The decision likely will be made this week, said Edmund Manydeeds III, and the early indication is that the fight will continue.

“This is by no means finished yet,” said Manydeeds, an attorney with Richie, Guettinger & Manydeeds SC, Eau Claire, who is representing Eau Claire-based B & B Electric Inc. “We’re still very early on in this process.”

A Pierce County jury last month awarded River Falls High School teacher Ryan Bishop more than $350,000 as compensation for knee and back injuries he sustained when he tripped over a jump-rope rack in the school’s storage room.

According to Bishop’s attorney, Dean Rohde, the teacher was in a physical education storage room in October 2004 repairing hockey sticks when, after about 15 minutes, the lights went off. Because the lights were activated by motion sensors, Bishop stood up and started moving but the movement did not trigger the sensors, Rohde said. He said Bishop started feeling his way toward the room’s light switch and tripped over the rack, landing on the concrete floor.

Waupun-based Westra Construction Inc., which shut down in 2005, was the general contractor for the new high school and finished building it in 2001. B & B installed the sensors that activated the lights in the room.

Westra can still be held financially liable through its insurance company, Madison-based WEA Insurance Corp. Steven Schlitz, an attorney with Johnson & Schlitz SC, Eau Claire, who is representing Westra, declined to comment for this story.

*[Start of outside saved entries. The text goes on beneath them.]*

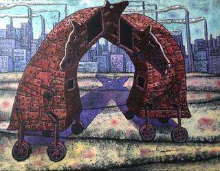 olej/płótno, 60 x 80 cm, sygnowany i datowany na odwrociu: 'Nogaj | '20'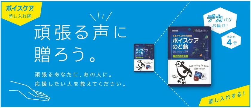 これまで、歌手、声優、合唱など様々な人の“声”を応援してきた「ボイスケアのど飴」は、声を大切にする人を中心にご愛用いただいております。ご自身のために購入されている方の他、約4人に1人の方は、「知人・友人のため」にご購入されているというデータもあり※、アンケートやSNS上にも、「人にあげる」というような“誰かを応援するため”の「差し入れ需要」が伺えます。今回、そのような気持ちと行為を応援するために、「ボイスケア差し入れ隊」を企画いたしました。 ※当社調べ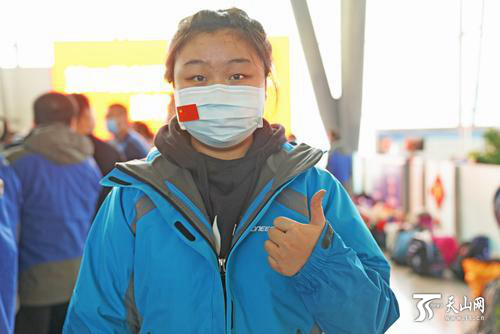 2月6日,乌鲁木齐地窝堡国际机场,新疆维吾尔自治区人民医院康复科护士郭宇婷拍照留念。

Although Westra and B & B finished their work and turned the building over to the district by early 2002, Manydeeds said, the jury still found both parties negligent.

“(The accident) was after the 12-month warranty period had gone by, and no one told us of any problems or difficulties,” he said. “There was a punch list, and there were final walkthroughs. There were never any complaints.”

Rohde said Bishop reported the problem to school officials before the accident took place. While Manydeeds said B & B was never contacted, Rohde said that is part of the problem.

“The issue here is whether the contractor and subcontractor should have been in better contact to begin with,” Rohde said. “The sensors were installed wrong. They weren’t done according to final drawings. Can you do something wrong and, after the warranty period, just walk away and wipe your hands?”

The suit could not be brought against the school alone, Manydeeds said, because the only legal remedy Bishop had against the school was worker’s compensation benefits.

The jury found the school partially negligent in the case but did not recommend a financial penalty.

Brian Mullins, a construction attorney with Madison-based Axley Brynelson LLP, said Wisconsin does not have a reputation for juries repeatedly siding with plaintiffs, but juries can be swayed by the presentation of facts.

“It certainly is fair to ask: How can a contractor be responsible years later?” he said. “But there are several protective measures in place for that kind of judgment, too.

A defendant, Mullins said, can ask a judge to overrule a jury’s verdict or appeal the case. He said the state also has a statute of repose, which limits when a lawsuit can be filed against a contractor after a project is completed.

The limit is 10 years, but if the River Falls judgment holds, Mullins said, contractors should not begin a 10-year worrying period after finishing a project.

“This kind of case does not come up that often at all,” he said. “And if there is a problem with the jury’s ruling, in most cases, it gets corrected.”